If the derivatives empire is as vast as it seems to be, and because these financial contracts extend across international borders, then it seems possible that trouble in the US or British financial systems could develope unexpectedly from other areas of the world. If so, doesn’t this possibility make it more difficult for central bankers to correctly guess at how much new money to throw at the problem? In other words, doesn’t this international counter-party exposure create greater risk of central bank miscalculation in holding their system together?

Finally, Harry Browne wrote years ago about the risk that skyrocketing demand to hold money in an emerging cyclical downturn could get out of hand, and precipitate a systemic deflationary meltdown. Browne’s reasoning always struck me as sound (but disconcerting, because we all want certainty.) Doesn’t the gigantic growth in the derivatives empire–all held together by great leverage and opaque counterparties–amplify the risk of unanticipated and uncontrolled skyrocketing demand for money that topples dominoes?

I’m not predicting a meltdown, only suggesting that this is a genuine, and widely unappreciated, risk during the down side of every business cycle.

Matt September 19, 2007 at 9:27 pm

Götterdämmerung? How long can this theft continue?
Longer than we think. Banks and Politicians are a devious and crafty crew and if all else fails there is always Marshal Law and in the meantime we are all dead.
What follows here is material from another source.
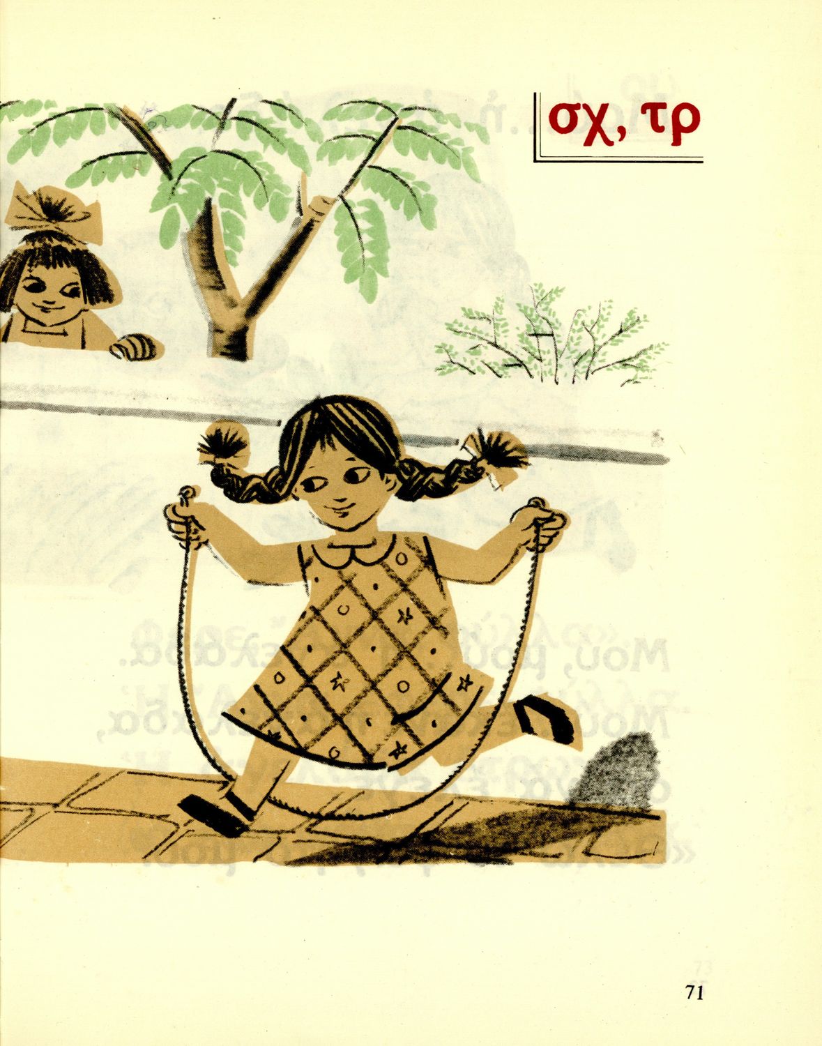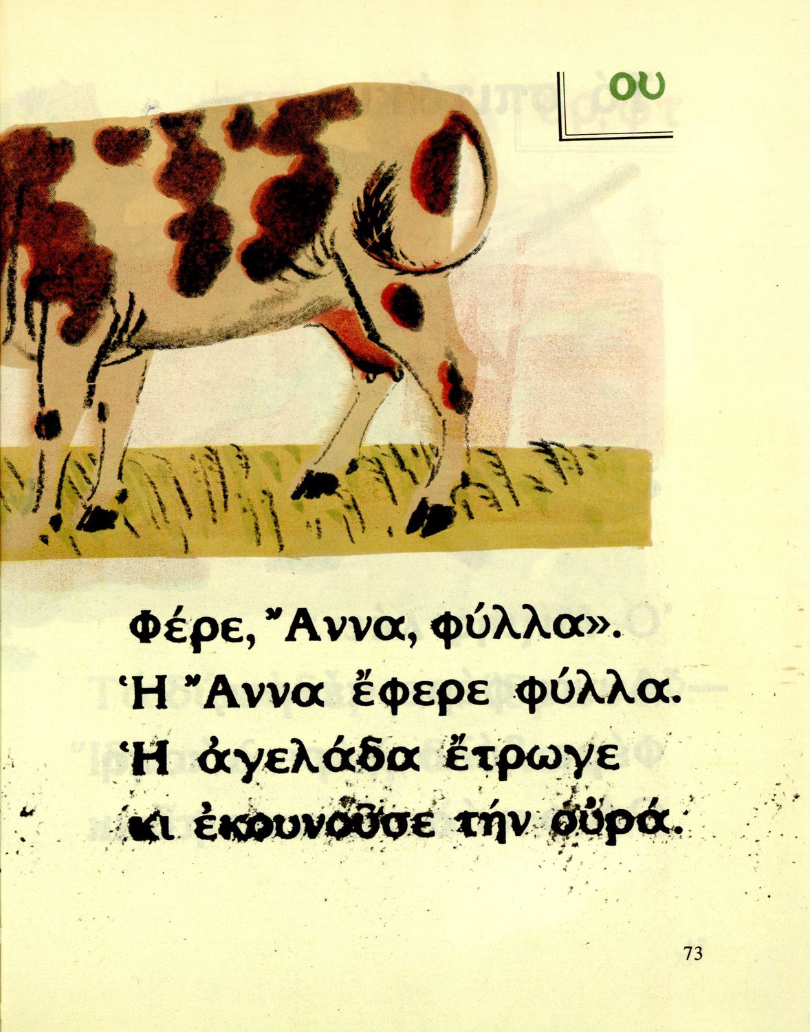 520 ## _aΑναγνωστικό Α΄ Δημοτικού που περιέχει γράμματα, συλλαβές, λέξεις, προτάσεις, κείμενα και ποιήματα για την εκμάθηση της Γλώσσας. Τα θέματα βασίζονται στην θρησκευτική, εθνική, οικογενειακή, κοινωνική, καθημερινή ζωή του τόπου. Ήρωες του βιβλίου ο Μίμης και η Άννα.

The New Age after that will start the process all over again. The Ethics of Self-Sacrifice will make that a certainty,it has been around for at least two millennium.
The masses shall be sheared over and over again.
There is no hope we are all doomed.

gene berman September 20, 2007 at 5:43 am


It’s “martial” law–that is to say, law administered during civil disturbance or breakdown according to military (martial) regulations.

Matt September 20, 2007 at 12:12 pm

You are right! We may not be doomed after all.

Me September 20, 2007 at 9:11 pm

I can no longer take Corrigan’s self-flattering poetic bs. If I wanted poetry I’d go to a poetry site. I wish he would just say what he wants to say in normal words. The article would then take 2 minutes to read. It’s not worth my time decipher his stupid Shakespeare.